First-time director Almereyda based this movie on Mary Robison’s 1980 novel “Oh”--which the writer says is about “the frailty of adulthood, the frailty of love. “ That describes the plight of most of the central characters seem arrested in adolescence, especially siblings Maureen and Howdy Cleveland (Suzy Amis and Crispin Glover). Unwed mother Maureen, or “Mo,” has the face of a corn-silk Botticelli with a spray of Sissy Spacek freckles. She’s given to slouching, tantrums, petulant pouts.
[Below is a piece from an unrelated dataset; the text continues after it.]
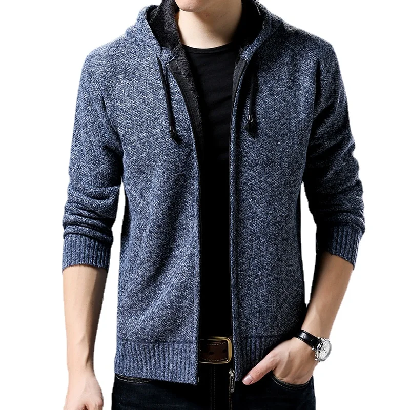 Мужской трикотажный кардиган с капюшоном, теплый плотный джемпер приталенного силуэта, повседневная одежда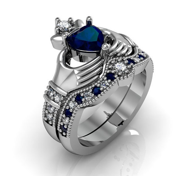 Claddagh Ring - Created Blue Sapphire Sterling Silver Love and Friendship Engagement Ring Set

Brother Howdy is the real oddball: dressed in black with fluttery eyes and Renaissance bangs, he’s given to cracking whips, striking Byronic poses and droning awful self-composed dirges that try to fuse new-wave rock with Gaelic poetry (“Daddy was mean” is his main theme). Howdy is an “artist” the way many bored, bright, lazy, self-indulgent rich kids are artists: their writing, painting or movies are just like his “songs.” And Glover makes him a classic poseur-hysteric: fracturing his delivery so hilariously that every word is filigreed to death and every gesture is a goony ballet. In “River’s Edge,” those flailing, eccentric emphasises sometimes seemed a little forced. Here, they fit perfectly; it’s his best performance.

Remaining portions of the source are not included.